Plotting Economic indicators on City Open Data

Plotting Economic indicators on City Open Data

In my previous post I discussed the steps I took to deploy my IPython notebook to IBM bluemix allowing users to access the tool through a browser without the need to install anything on their computers.

The next step was to modify the solution to allow for

  • Plotting the TSX exchange year closing values against any business license graphs.
  • Adding a second postal code field to allow comparing two postal code licenses numbers in one graph
  • Enhanced ‘Save’ button to save the graph so you can download it to your computer and use in presentations, documents, etc.
Enhanced output of comparing  two postal codes “Eating Establishments” licenses with the TSX yearly closing plotted in black.

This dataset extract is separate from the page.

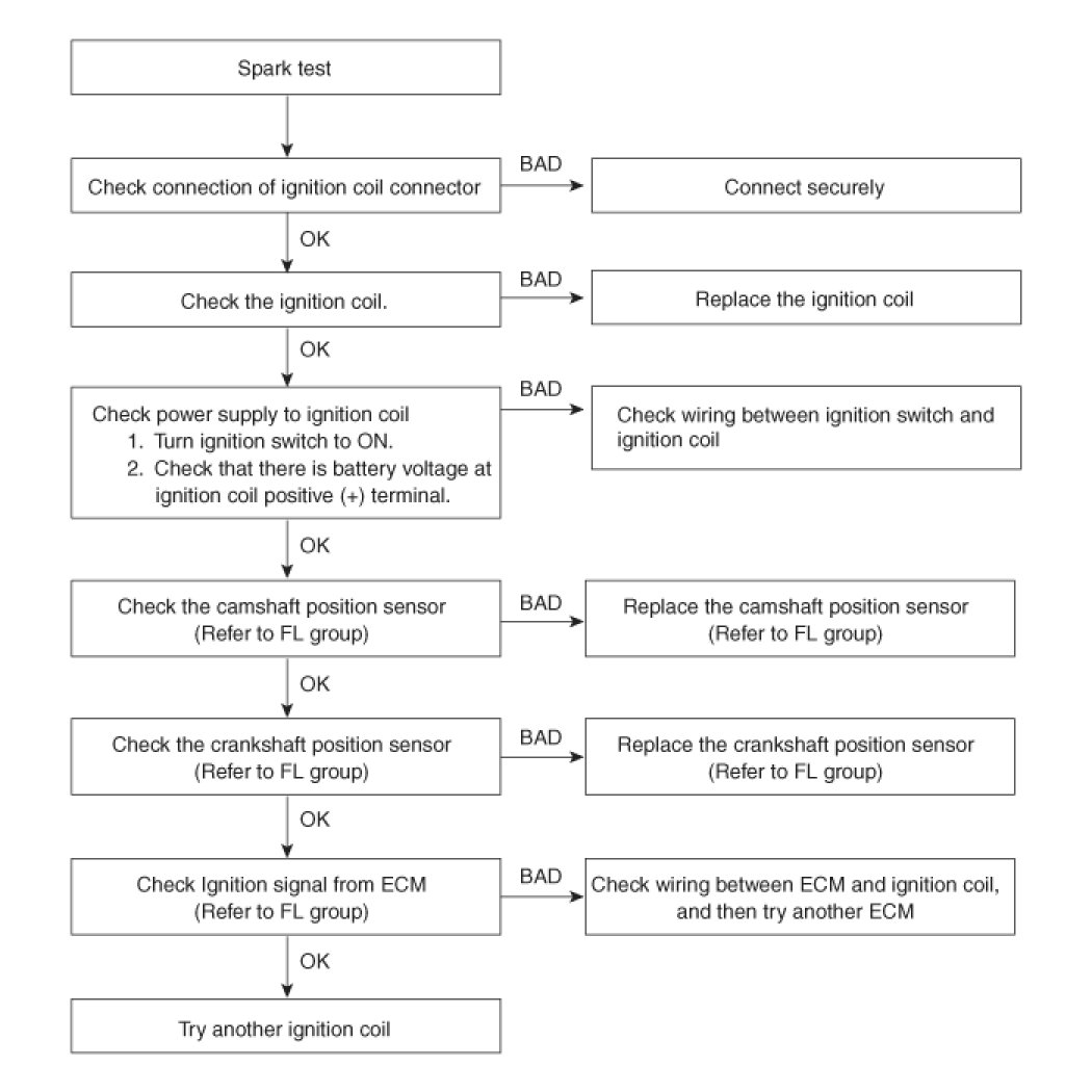 1. Measure the primary coil resistance between terminals (+) and (-).
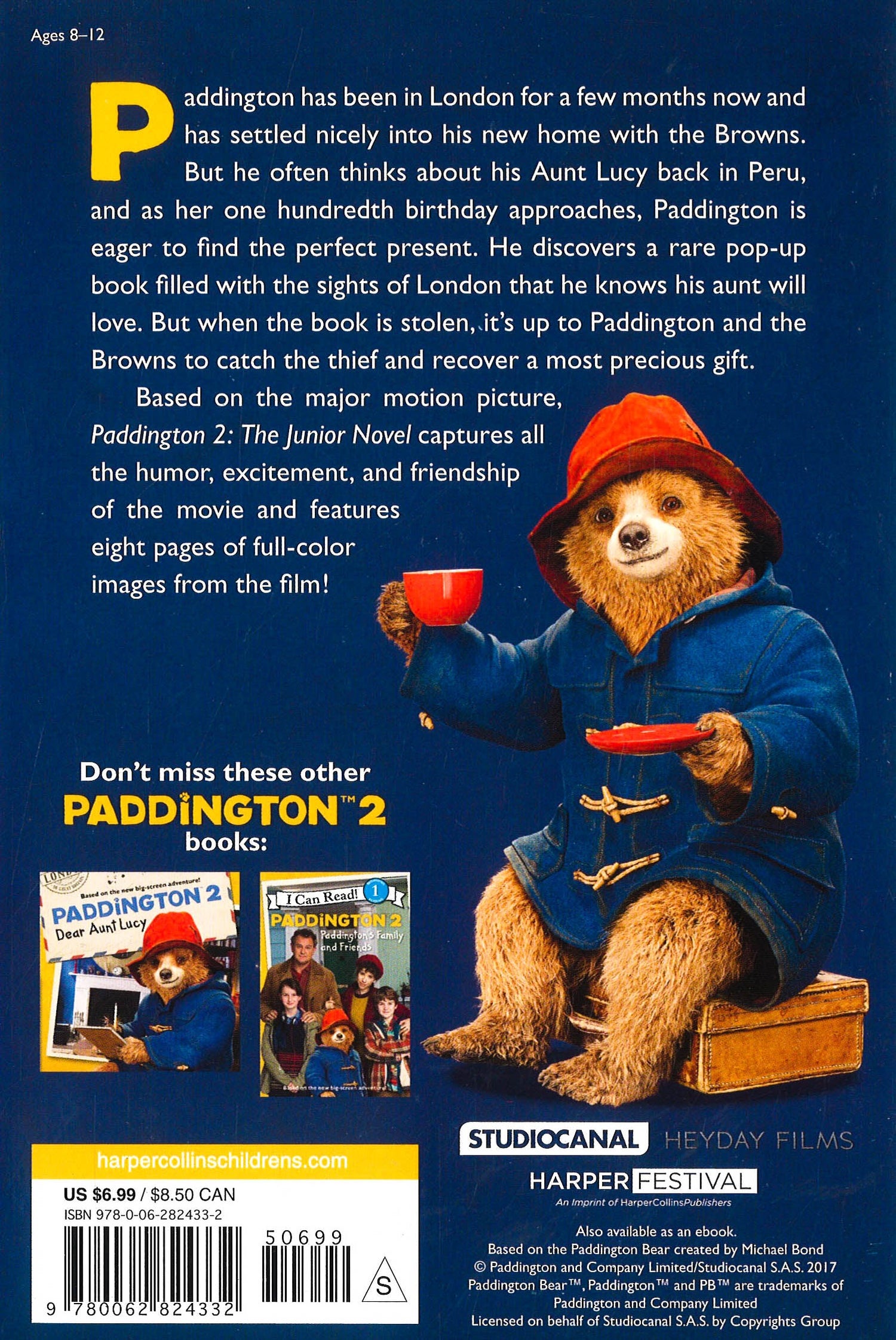 Paddington has been in London for a few months now and has settled into his new home with the Browns. But he often thinks about his aunt Lucy back in Peru, and as her 100th birthday approaches, Paddington is eager to find the perfect present. He finds a one-of-a-kind book that he knows his aunt will love. But when the book is stolen, it’s up to Paddington and the Browns to catch the thief and recover a most precious gift.Based on the major motion picture Paddington 2, this paperback junior novel features eight pages of full-color images from the film!

Simple graphs like the above allows us to make some quick conclusions

  • M5V (downtown) postal code licenses is very much related to the TSX movements.
  • This correlation has weakened somehow since the great recession of 2008 (business shock ?!).
  • M4K (Danforth) postal code licenses seem to be steady in its issuance/cancellation rate indicating the area is resilient to economic shocks.
  • Both areas (as most other businesses) faced a high rate of cancellation in 2005 (Maybe an effect of change of regulations ?!).

Using the tool


  • Give it a few seconds to finish opening, then select ‘cell’ -> ‘run all’
  • step3
  • Use the tool to select
    • The Category you want to study
    • Optionally specify 3 Letter postal code for an area
    • Optionally specify a second postal code to compare
    • Select which data you want (Issued/Canceled/total).
  • You can now click the ‘save as png’ to save the data plot
  • estep2
  • Once you do that you can go back to the ‘home’ tree view
  • You will now see the file saved as Category_Postal_startyear_endyear.png as below
  • estep3
  • You can download and save that file for your own use.


Adding external data like TSX closing numbers, GDP data, Interest Rates, Inflation index to existing Open Data available from the government could paint a more complete picture of our analysis, showing the effect of the over all economy on both Business and Social changes in the city.